* [Exercise materials]
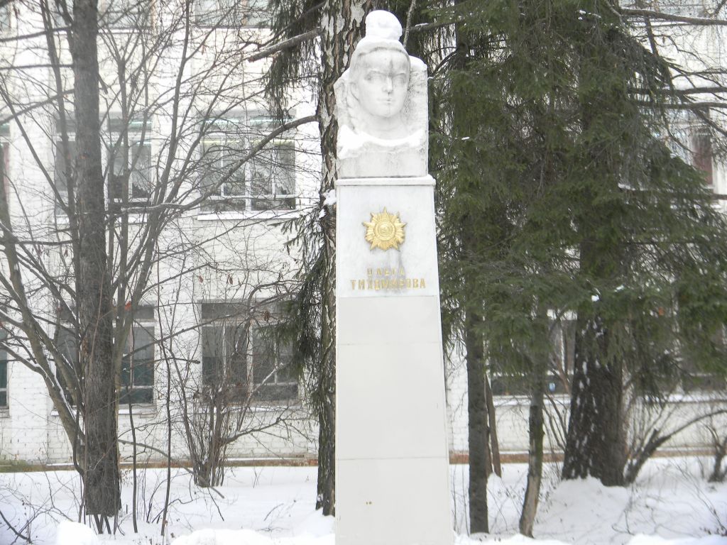 1. Градостроительные характеристики:1.1 Местоположение памятника-бюста Ольге Тихомировой, героине-партизанке на территории школы № 2 города Йошкар-Олы по улице Осипенко.1.2 Видовые характеристики объекта с разных точек обзора: точки визуального восприятия памятника с тротуаров и проезжей части улицы Осипенко; с южной части территории школы № 2.2. Объемно-пространственная и конструктивная схема:2.1 Размеры памятника: общая высота обелиска (портретный бюст, постамент, стилобат) - 354 см.2.2 Портретный бюст О. Тихомировой: высота - 86 см; материал бюста - белый мрамор.2.3 Постамент: высота - 248 см; сечение в плане 77 х 60 см; материал постамента – железобетон, облицовка белыми мраморными плитами.2.4 Стилобат: высота - 20 см; размеры в плане 246 х 246 см; материал стилобата: железобетон, облицовка серыми плитами.2.5 Подлинный монолитный железобетонный фундамент, постамента и ростверк стилобата.3. Композиция и архитектурно-художественное оформление фасадов: 3.1 Внешний облик беломраморного обелиска: портретный бюст Ольги Тихомировой, установленный на постамент, подчеркнутый барельефом в форме лаврового венка и стилобат с наклонными гранями покрытия.3.2 Барельеф на лицевой грани постамента, изображающий орден Отечественной войны;надпись, выгравированная на мраморной облицовочной плите, под барельефом «Ольга Тихомирова»; цвет ордена и надписи - под золото.4. Мемориальные особенности.4.1 Памятник монументального искусства, связанный с именем героини-партизанки О.А. Тихомировой, героически погибшей в годы Великой Отечественной войны.4.2 Автор памятника - скульптор О.А. Дедов.
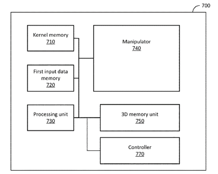 [0103] The neural network processor 700 includes kernel memory 710 , a first input data memory 720 , a 3D memory unit 750 , a hardware processing unit 730 , a manipulator 740 , and a controller 770 . The controller 770 is configured to control the neural network processor 700 . Kernel memory 710 is configured to store a group of kernels utilized in neural network processing. The first input data memory 720 is configured to store first layer input data, such as the 2D first input values 401 illustrated above with respect to FIG. 4. In some embodiments, the 3D memory unit 750 includes the structure illustrated with respect to FIG. 9. In these embodiments, the 3D memory unit 750 includes data paths between at least some corresponding storage elements in adjacent rows of the 3D memory unit 750 , as illustrated above with respect to FIG. 9 and data path 661.
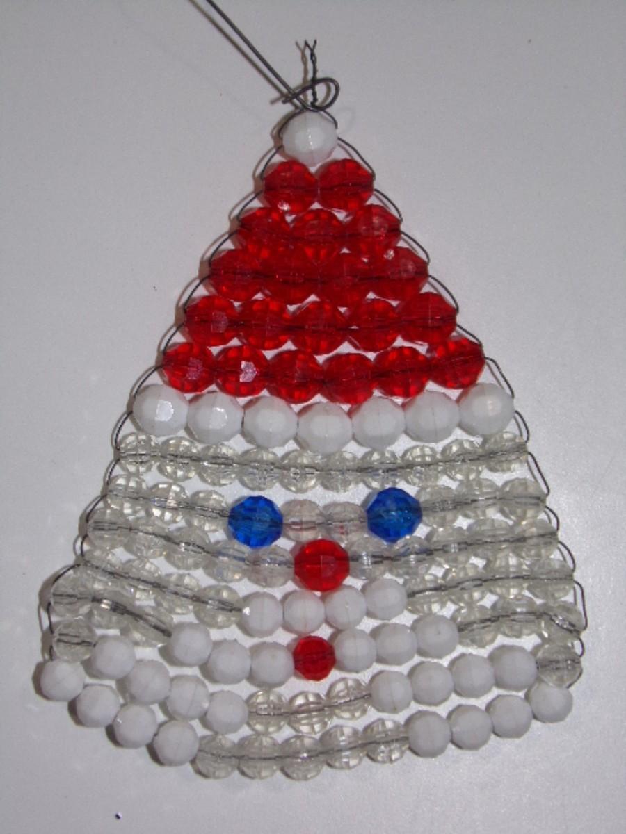 Hand crafted wired bead Santa face caricature tree ornament
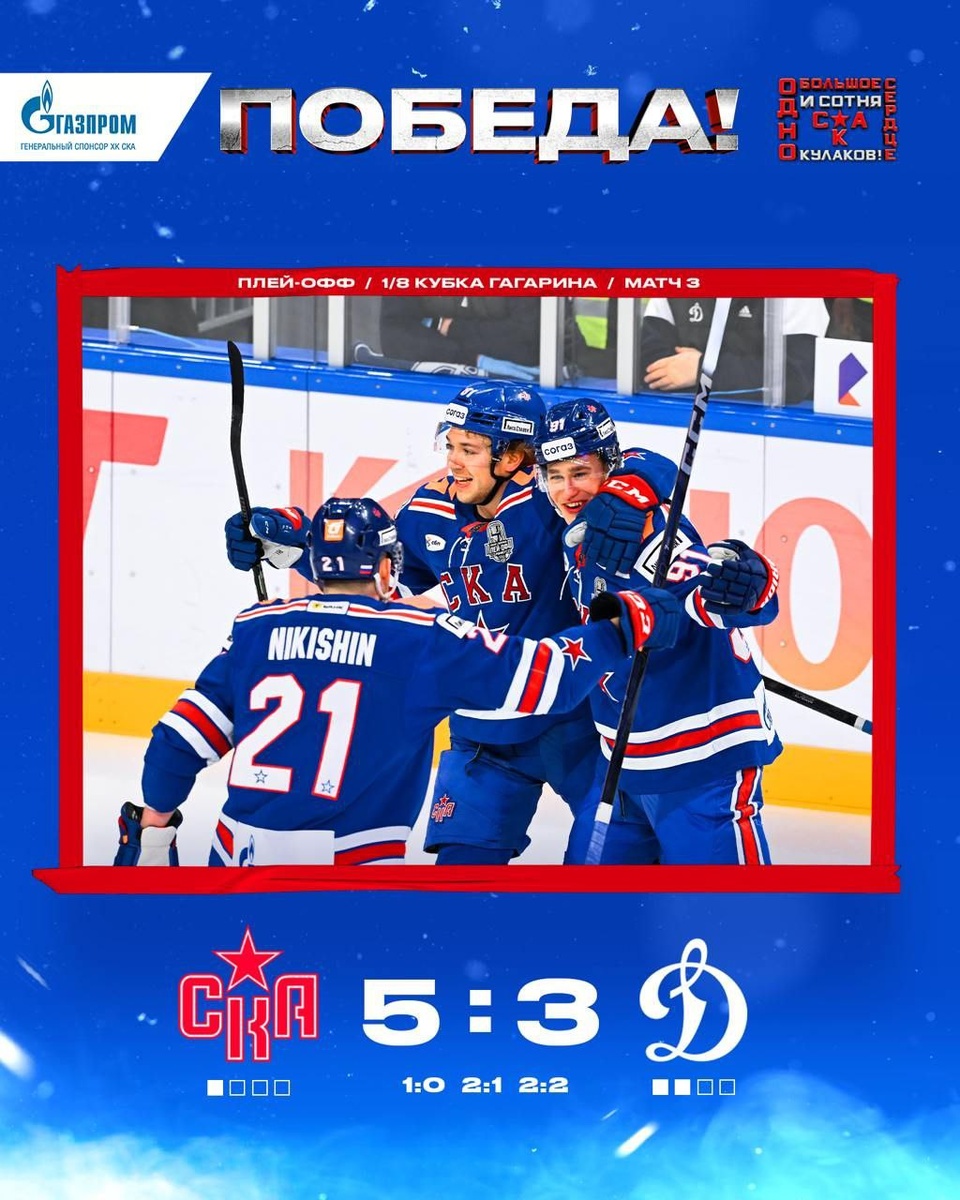 СКА взял третью игру серии! Армейцы победили московское «Динамо», хотя матч был непростым. Начали бодро, но потом гости сравняли 3:3. Вывезли на характере. Вся борьба еще впереди ! Подпишись на Комсомольскую правду: СПб — отдай свой буст нам
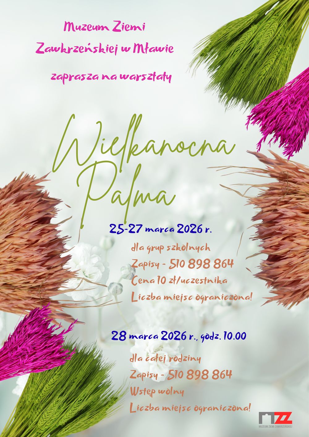 Muzeum Ziemi Zawkrzeńskiej w Mławie zaprasza na warsztaty „Wielkanocna palma”. Spotkania dla grup szkolnych odbędą się w dniach 25–27 marca 2026 r., natomiast 28 marca 2026 r. (sobota) o godz. 10.00 przygotowano zajęcia dla całych rodzin.
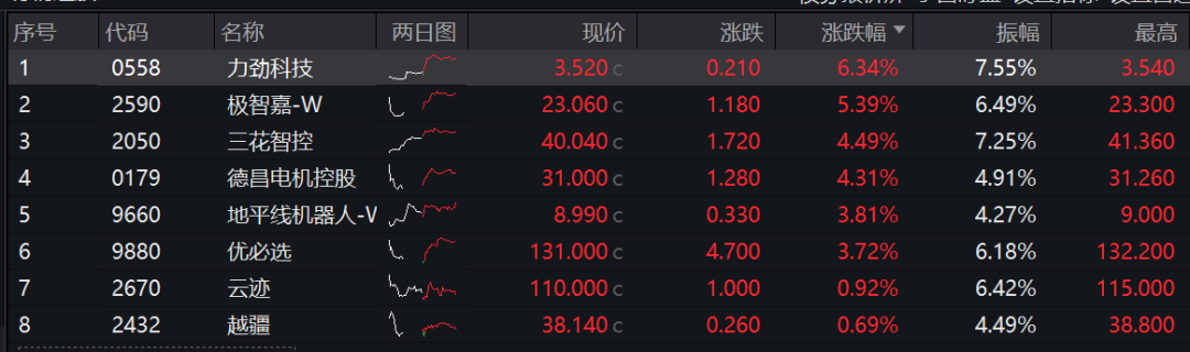 就在1月2号,港股新年开门红,科技互联网、商业航天、机器人、半导体等集体爆发。其中,机器人方面,力劲科技涨超6%,极智嘉涨5.4%,三花智控涨4.49%,地平线、优必选、德昌电机等涨约4%。
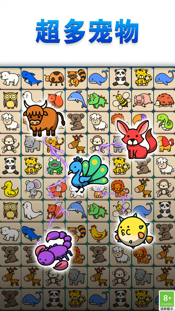 通过消除,宠物可以获得经验并升级,提高其能力;
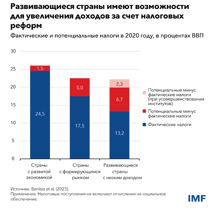 У развивающихся стран есть большие возможности для увеличения доходов посредством налоговых реформ — до 9 процентов ВВП, согласно нашему исследованию. Тем не менее крайне важно придерживаться прогрессивного подхода, который означает обеспечение того, чтобы те, кто может позволить себеплатить больше налогов, вносили свою справедливую долю. Например, налогообложение доходов от капитала и собственности предлагает относительно прогрессивный способ увеличения налоговых поступлений.
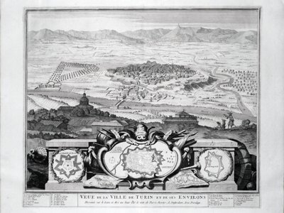 >Incisione originale su rame (mm. 430x505). Bella e rara veduta prospettica della città di Torino e dei dintorni vista dalla collina. Importante e grande cartiglio posto alla base della veduta, con al centro la pianta della città Vercelli, a destra le piante di Carmagnola e Montmelian, a sinistra la cittadella di Torino e Verrua. Titolo al centro del margine inferiore, ai due estremi legenda con 27 richiami.
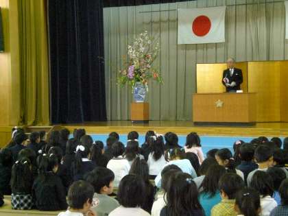 今日は,朝から入学式を祝うかのように,清々しい青空が広がりしかも暖かく,桜の花も満開近し!午前10時15分より入学式が行われました。47名の新1年生が入学しました。おめでとうございます。頑張って学校生活を送って下さい。
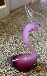 Murano Style Amethyst and Pink Sommerso Glass Swan Figurine
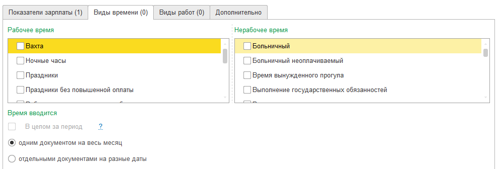 Если документ необходим для ввода времени, то на закладке "Виды времени" отмечаются флажками те виды, которые будут заполняться данным шаблоном. По умолчанию время вводится за каждый день периода. Установка флажка "Время вводится в целом за месяц" означает, что количество часов будет введено сводно за месяц.
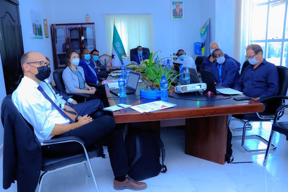 Hargeysa (Dawan) Wasiirka wasaaradda huromarinta beeraha Somaliland, Mudane Maxamed Xaaji Cismaan, iyo agaasimaha guud ee wasaaraddaasi, mudane Rooble Cabdi Muuse ayaa qaabilay wefti ka socday bangiga horumarinta ee dalka Jarmalka ee KFW oo uu hoggaaminayay madaxa Bangiga ee bariga Afrika Florian Rabe.

* [To do] Every entry above is to be repeated word for word, with all pictures omitted.

* [Written solution]
 1. Градостроительные характеристики:1.1 Местоположение памятника-бюста Ольге Тихомировой, героине-партизанке на территории школы № 2 города Йошкар-Олы по улице Осипенко.1.2 Видовые характеристики объекта с разных точек обзора: точки визуального восприятия памятника с тротуаров и проезжей части улицы Осипенко; с южной части территории школы № 2.2. Объемно-пространственная и конструктивная схема:2.1 Размеры памятника: общая высота обелиска (портретный бюст, постамент, стилобат) - 354 см.2.2 Портретный бюст О. Тихомировой: высота - 86 см; материал бюста - белый мрамор.2.3 Постамент: высота - 248 см; сечение в плане 77 х 60 см; материал постамента – железобетон, облицовка белыми мраморными плитами.2.4 Стилобат: высота - 20 см; размеры в плане 246 х 246 см; материал стилобата: железобетон, облицовка серыми плитами.2.5 Подлинный монолитный железобетонный фундамент, постамента и ростверк стилобата.3. Композиция и архитектурно-художественное оформление фасадов: 3.1 Внешний облик беломраморного обелиска: портретный бюст Ольги Тихомировой, установленный на постамент, подчеркнутый барельефом в форме лаврового венка и стилобат с наклонными гранями покрытия.3.2 Барельеф на лицевой грани постамента, изображающий орден Отечественной войны;надпись, выгравированная на мраморной облицовочной плите, под барельефом «Ольга Тихомирова»; цвет ордена и надписи - под золото.4. Мемориальные особенности.4.1 Памятник монументального искусства, связанный с именем героини-партизанки О.А. Тихомировой, героически погибшей в годы Великой Отечественной войны.4.2 Автор памятника - скульптор О.А. Дедов.
 [0103] The neural network processor 700 includes kernel memory 710 , a first input data memory 720 , a 3D memory unit 750 , a hardware processing unit 730 , a manipulator 740 , and a controller 770 . The controller 770 is configured to control the neural network processor 700 . Kernel memory 710 is configured to store a group of kernels utilized in neural network processing. The first input data memory 720 is configured to store first layer input data, such as the 2D first input values 401 illustrated above with respect to FIG. 4. In some embodiments, the 3D memory unit 750 includes the structure illustrated with respect to FIG. 9. In these embodiments, the 3D memory unit 750 includes data paths between at least some corresponding storage elements in adjacent rows of the 3D memory unit 750 , as illustrated above with respect to FIG. 9 and data path 661.
 Hand crafted wired bead Santa face caricature tree ornament
 СКА взял третью игру серии! Армейцы победили московское «Динамо», хотя матч был непростым. Начали бодро, но потом гости сравняли 3:3. Вывезли на характере. Вся борьба еще впереди ! Подпишись на Комсомольскую правду: СПб — отдай свой буст нам
 Muzeum Ziemi Zawkrzeńskiej w Mławie zaprasza na warsztaty „Wielkanocna palma”. Spotkania dla grup szkolnych odbędą się w dniach 25–27 marca 2026 r., natomiast 28 marca 2026 r. (sobota) o godz. 10.00 przygotowano zajęcia dla całych rodzin.
 就在1月2号,港股新年开门红,科技互联网、商业航天、机器人、半导体等集体爆发。其中,机器人方面,力劲科技涨超6%,极智嘉涨5.4%,三花智控涨4.49%,地平线、优必选、德昌电机等涨约4%。
 通过消除,宠物可以获得经验并升级,提高其能力;
 У развивающихся стран есть большие возможности для увеличения доходов посредством налоговых реформ — до 9 процентов ВВП, согласно нашему исследованию. Тем не менее крайне важно придерживаться прогрессивного подхода, который означает обеспечение того, чтобы те, кто может позволить себеплатить больше налогов, вносили свою справедливую долю. Например, налогообложение доходов от капитала и собственности предлагает относительно прогрессивный способ увеличения налоговых поступлений.
 >Incisione originale su rame (mm. 430x505). Bella e rara veduta prospettica della città di Torino e dei dintorni vista dalla collina. Importante e grande cartiglio posto alla base della veduta, con al centro la pianta della città Vercelli, a destra le piante di Carmagnola e Montmelian, a sinistra la cittadella di Torino e Verrua. Titolo al centro del margine inferiore, ai due estremi legenda con 27 richiami.
 今日は,朝から入学式を祝うかのように,清々しい青空が広がりしかも暖かく,桜の花も満開近し!午前10時15分より入学式が行われました。47名の新1年生が入学しました。おめでとうございます。頑張って学校生活を送って下さい。
 Murano Style Amethyst and Pink Sommerso Glass Swan Figurine
 Если документ необходим для ввода времени, то на закладке "Виды времени" отмечаются флажками те виды, которые будут заполняться данным шаблоном. По умолчанию время вводится за каждый день периода. Установка флажка "Время вводится в целом за месяц" означает, что количество часов будет введено сводно за месяц.
 Hargeysa (Dawan) Wasiirka wasaaradda huromarinta beeraha Somaliland, Mudane Maxamed Xaaji Cismaan, iyo agaasimaha guud ee wasaaraddaasi, mudane Rooble Cabdi Muuse ayaa qaabilay wefti ka socday bangiga horumarinta ee dalka Jarmalka ee KFW oo uu hoggaaminayay madaxa Bangiga ee bariga Afrika Florian Rabe.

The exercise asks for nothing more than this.